The third annual National Student Day was held in October with over 1,700 campuses celebrating and promoting social responsibility and volunteerism by their students. Sponsored by the National Association of College Stores (NACS), one of the goals of National Student Day is to change the perception that students are just too distracted by academic and college concerns to develop a strong sense of social responsibility. “For years, college students have been volunteering in their campus communities and beyond,” remarked NACS Director of Public Relations, Charles Schmidt. “From cleaning up a local park to serving as a Big Brother or Big Sister, they have taken time out of their hectic schedules to perform selfless acts without seeking recognition,” he added. Barnes & Noble College wanted to celebrate and recognize students in a very special way this National Student Day, and did so in partnership with an organization close to many students’ hearts.
In its second year of partnership with Habitat for Humanity International, Barnes & Noble College wanted to use the celebration of National Student Day as a way to highlight the many efforts students bring to their communities throughout the country. Using social media as a platform to showcase their activities, students were encouraged to upload photographs of their volunteerism on Instagram, Facebook and via tweets on Twitter using the hashtag #studentsdoinggood. For every photo submitted, Barnes and Noble College committed a $1 donation to Habitat for Humanity. “The sweepstakes just brought home the point that there’s a lot of good out there,” remarked Tamara Vostok, Manager, Consumer & New Media Marketing for Barnes & Noble College, describing a wide range of activities including photos of students helping in soup kitchens, shelters, with senior citizens and assisted-living homes, and cleaning on the side of highways. “It’s really validating to see the range of causes our students care about,” she said.

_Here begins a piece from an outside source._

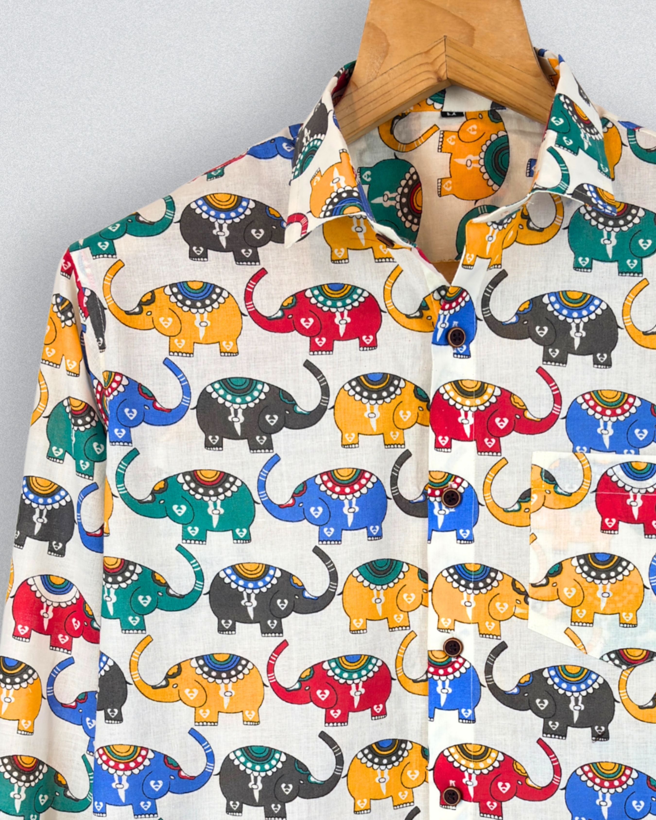 Add a splash of color to your wardrobe with Elephant Parade by Jaipuri Crown – a charming Full sleeve cotton shirt featuring an array of vibrant elephant prints in blue, yellow, red, and green on a soft cream base. Made from 100% Sanganeri cotton, this shirt ensures a comfortable and breathable fit, perfect for casual outings, festive occasions, or laid-back weekends.

Part of that commitment to community was also on show at this year’s Habitat for Humanity Youth Leadership Conference, a three-day conference where youth leaders and volunteers celebrated the past year’s accomplishments creating decent, affordable housing for low-income families. A popular draw at the accompanying trade show was the Barnes & Noble College photo booth, where students were encouraged to pose and share their pictures on their own social networks, with every shared photo counted towards the goal of raising $25,000 for Habitat through the #studentsdoinggood campaign. “The overall conference theme was Constructive Discontent,” said Barnes & Noble College’s Campus Marketing Specialist, Erin Lenihan, “being unhappy with something in the world, and using your efforts to change it in a positive and constructive way,” she added.
Through a series of workshop sessions and guest speakers, the student volunteers learned a wide variety of practices to make their own Habitat teams successful. “It’s a great way to learn about the activities of more than just the local chapter,” Lenihan pointed out. “And it was a great opportunity for us to meet with many students outside of our immediate Barnes & Noble College family.”
Like Habitat for Humanity, which has helped more than 3 million people construct, rehabilitate or preserve homes since 1976, a new generation of students are learning their value through a deeper sense of community. Barnes & Noble College’s Vostok points out that the millennial generation’s reliance on social media has itself played an instrumental role in creating that awareness, and has just completed a promotion raising $5,000 dollars for cancer survivors by engaging students through Facebook. “It enables students to feel part of a bigger society, and creates a really easy platform for them to reach out and give back,” she said. While Vostok and her team are busy continuing the #studentsdoinggood program to reach a $25,000 target by the end of spring term, she doesn’t doubt the resolve of college students in devoting their time, effort and values to improve their communities. “We see they’re ideally empowered,” she said. “They’re very focused on their goals; they want to create change and they realize they’re the ones who can make that happen.”